# Real pics of the 3DS slide pad + Pink 3DS



## Hop2089 (Sep 13, 2011)

and for good measure this Rose Pink 3DS






This one has a 10/20 release date in Japan.

Source


----------



## Feels Good Man (Sep 13, 2011)

Still looks hideous.

The pink 3DS on the other hand looks nice.


----------



## chris888222 (Sep 13, 2011)

Hmm, from the image, it doesn't seem as thick (although it does look hideous still). 

Hopefully it'll be priced less than US$15 in the US.


----------



## RupeeClock (Sep 13, 2011)

I don't I can ever embrace the slide pad, it's just...ugh.

The pink 3DS is nice though.


----------



## Hop2089 (Sep 13, 2011)

RupeeClock said:
			
		

> I don't I can ever embrace the slide pad, it's just...ugh.
> 
> The pink 3DS is nice though.



I can't either, my niece would love that pink 3DS though, I may get her one of those for Christmas since there's a few Japan only games she wants to play.


----------



## DarkStriker (Sep 13, 2011)

As long as the slider support Monster Hunter, then i dont mind standing in a 2 hour line to buy it lol. Im really this hardcore MH fan xD. And hopefully more games will give out Slide pad support even if it means i can only control the camera. More buttons to more useful things


----------



## chris888222 (Sep 13, 2011)

DarkStriker said:
			
		

> As long as the slider support Monster Hunter, then i dont mind standing in a 2 hour line to buy it lol.
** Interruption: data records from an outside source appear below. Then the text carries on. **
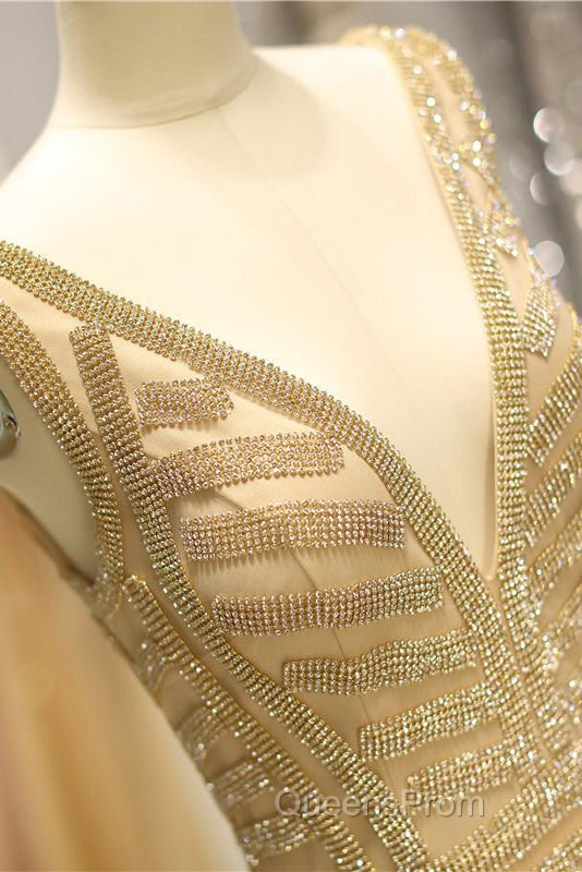 Mermaid Deep V-Neck Gold Beaded Evening Prom Dress
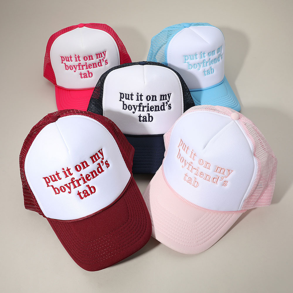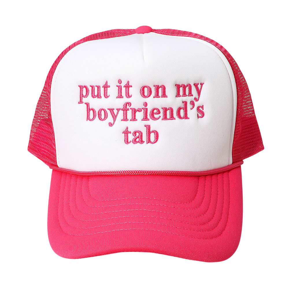 PUT IT ON MY BOYFRIENDS TAB Embroidered Mesh Back Trucker Cap
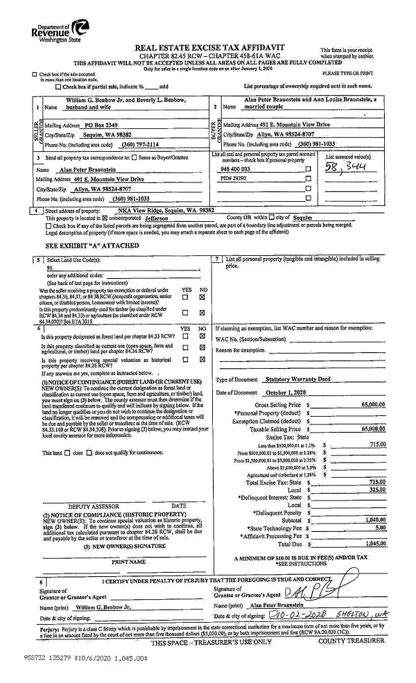 | 1 | 10/01/2020 | SWD | Statutory Warranty Deed | WILLIAM G BENBOW JR | ALAN P & ANN L BRAUNSTEIN | | | $65,000.00 | 135279 | |
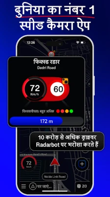 स्पीड कैमरों का डर अब अतीत की बात है। Radarbot आपको फिक्स्ड, संभावित मोबाइल, टनल, औसत गति और ट्रैफिक लाइट कैमरों सहित सभी प्रकार के स्पीड कैमरों के बारे में स्पष्ट और समय पर अलर्ट भेजता है। इसके अतिरिक्त, यह खतरनाक ड्राइविंग क्षेत्रों, सीट बेल्ट या सेल फोन के उपयोग की जांच करने वाले कैमरों और प्रतिबंधित प्रवेश द्वारों जैसी विशिष्ट सड़क स्थितियों के बारे में भी सचेत करता है। दुनिया भर में 50 मिलियन से अधिक ड्राइवरों का एक सक्रिय समुदाय लगातार अपडेट साझा करता है, जिससे आपको ट्रैफिक जाम, खतरों, दुर्घटनाओं, पुलिस की मौजूदगी और अन्य अप्रत्याशित सड़क बाधाओं के बारे में तुरंत जानकारी मिलती है। हमारी विशेषज्ञ टीम डेटाबेस को दैनिक रूप से अपडेट करती है, यह सुनिश्चित करते हुए कि Radarbot की सतर्क नज़र से कोई भी स्पीड कैमरा न छूटे।

Im really this hardcore MH fan xD. And hopefully more games will give out Slide pad support even if it means i can only control the camera. More buttons to more useful things


Pretty much this, as I am a hardcore MH fan myself. xD


----------



## DarkStriker (Sep 13, 2011)

chris888222 said:
			
		

> DarkStriker said:
> 
> 
> 
> ...


Hopefully it supports Wi-Fi play. As i pretty much have bad luck in using xLink kai if they set up ad-hoc on the game instead.

But once it comes make sure to add me 
	

	
	
		
		

		
		
	


	




 I like to pew pew huge monster with friends, not alone xD


----------



## SamAsh07 (Sep 13, 2011)

http://gbatemp.net/t308322-pink-3ds-is-the-next-colour


----------



## RoMee (Sep 13, 2011)

even though most people say they hate it, they'll still end up buying it.
a second analog adds a lot to gameplay


----------



## chris888222 (Sep 13, 2011)

DarkStriker said:
			
		

> chris888222 said:
> 
> 
> 
> ...


Why not? I'd love a good partner to slay some b**chy monsters.


----------



## Range-TE (Sep 13, 2011)

I still don't get the Design choices of the 3DS, not from the aspect of button layouts etc. but from the style.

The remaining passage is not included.